- TASK DIRECTIONS -
Would you please repeat exactly the entries below, starting at the line with "Hast du eigene" and ending at the line with "The Meadow Sherpa", and nothing outside that range? Leave out the pictures.

- SOURCE RECORDS -
== Segment start ==
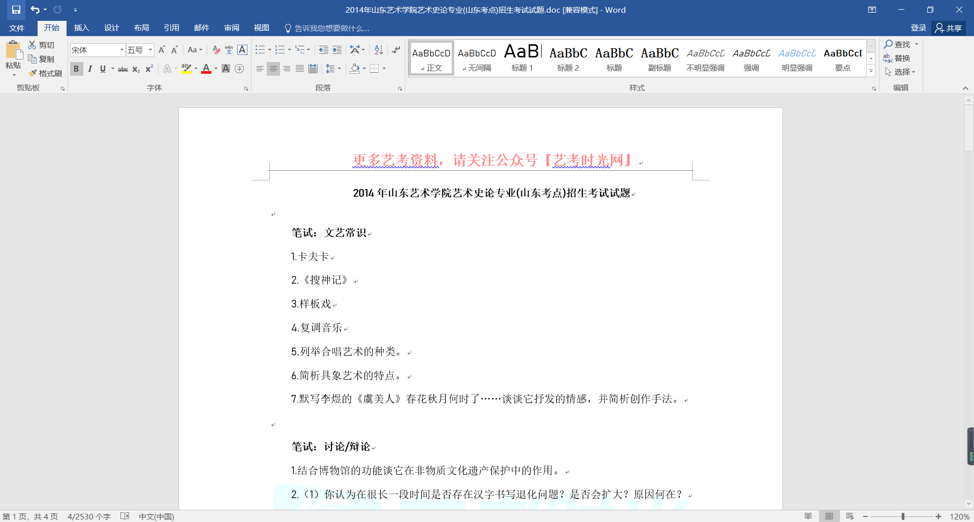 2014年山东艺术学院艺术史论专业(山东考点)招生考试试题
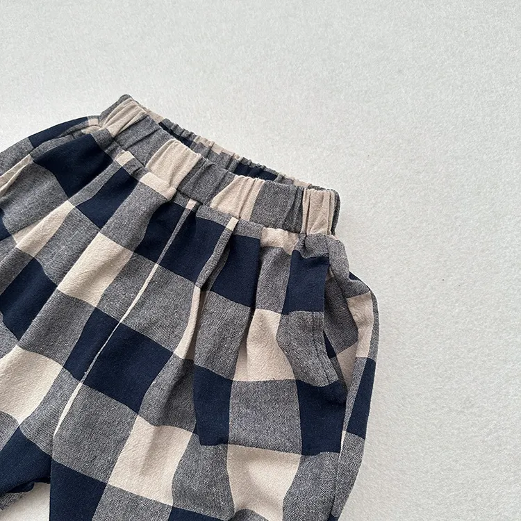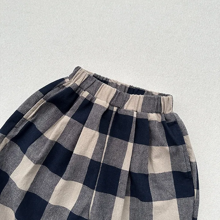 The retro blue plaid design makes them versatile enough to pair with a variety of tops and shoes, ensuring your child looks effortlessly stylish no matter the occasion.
== Segment end ==
== Segment start ==
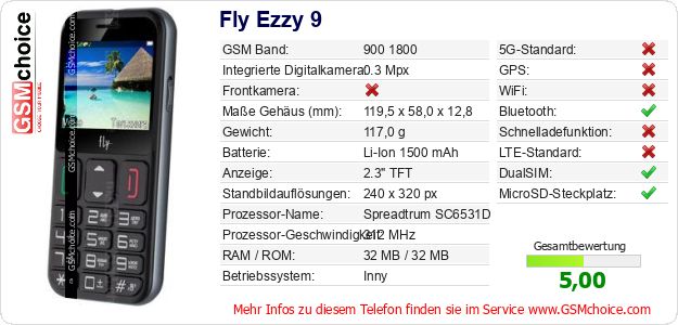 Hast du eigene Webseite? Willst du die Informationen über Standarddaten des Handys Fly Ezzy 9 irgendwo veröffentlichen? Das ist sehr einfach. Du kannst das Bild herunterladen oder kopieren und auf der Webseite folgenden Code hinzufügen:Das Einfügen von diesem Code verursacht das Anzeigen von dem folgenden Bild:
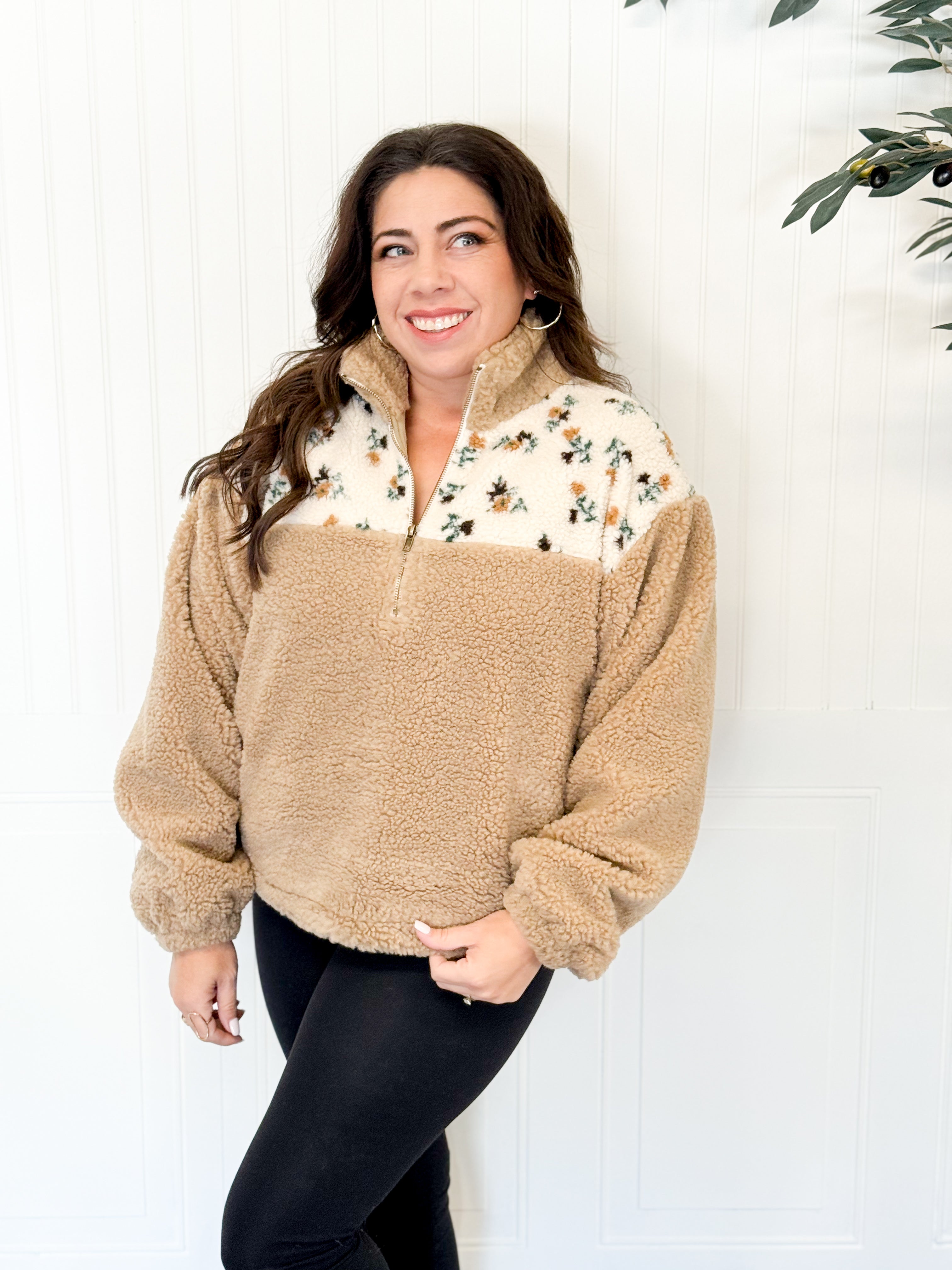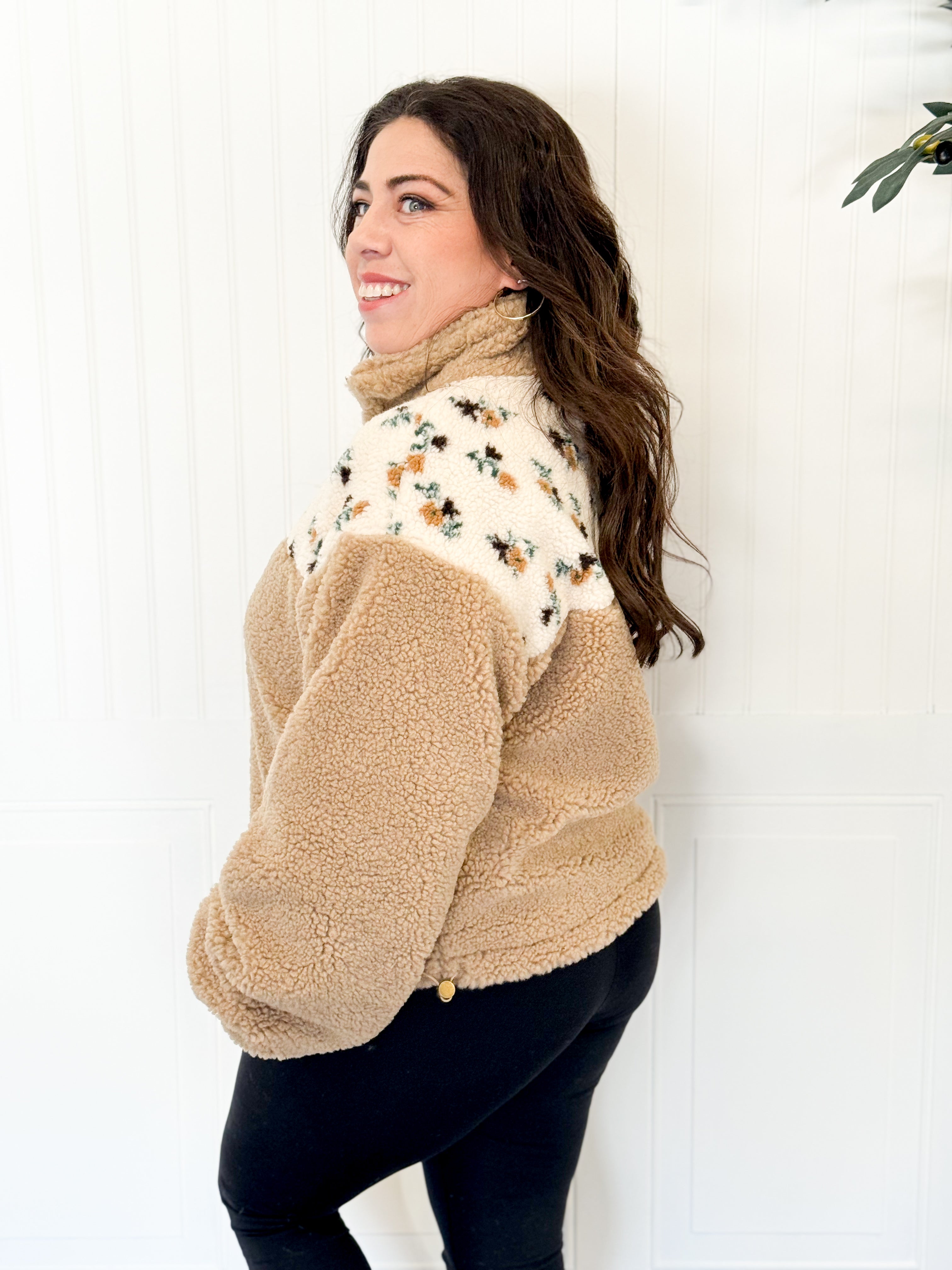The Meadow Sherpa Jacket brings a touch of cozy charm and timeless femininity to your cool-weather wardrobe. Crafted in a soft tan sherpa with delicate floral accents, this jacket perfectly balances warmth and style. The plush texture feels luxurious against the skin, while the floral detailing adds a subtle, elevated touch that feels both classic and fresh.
== Segment end ==
- FINISHED TASK -
 Hast du eigene Webseite? Willst du die Informationen über Standarddaten des Handys Fly Ezzy 9 irgendwo veröffentlichen? Das ist sehr einfach. Du kannst das Bild herunterladen oder kopieren und auf der Webseite folgenden Code hinzufügen:Das Einfügen von diesem Code verursacht das Anzeigen von dem folgenden Bild:
The Meadow Sherpa Jacket brings a touch of cozy charm and timeless femininity to your cool-weather wardrobe. Crafted in a soft tan sherpa with delicate floral accents, this jacket perfectly balances warmth and style. The plush texture feels luxurious against the skin, while the floral detailing adds a subtle, elevated touch that feels both classic and fresh.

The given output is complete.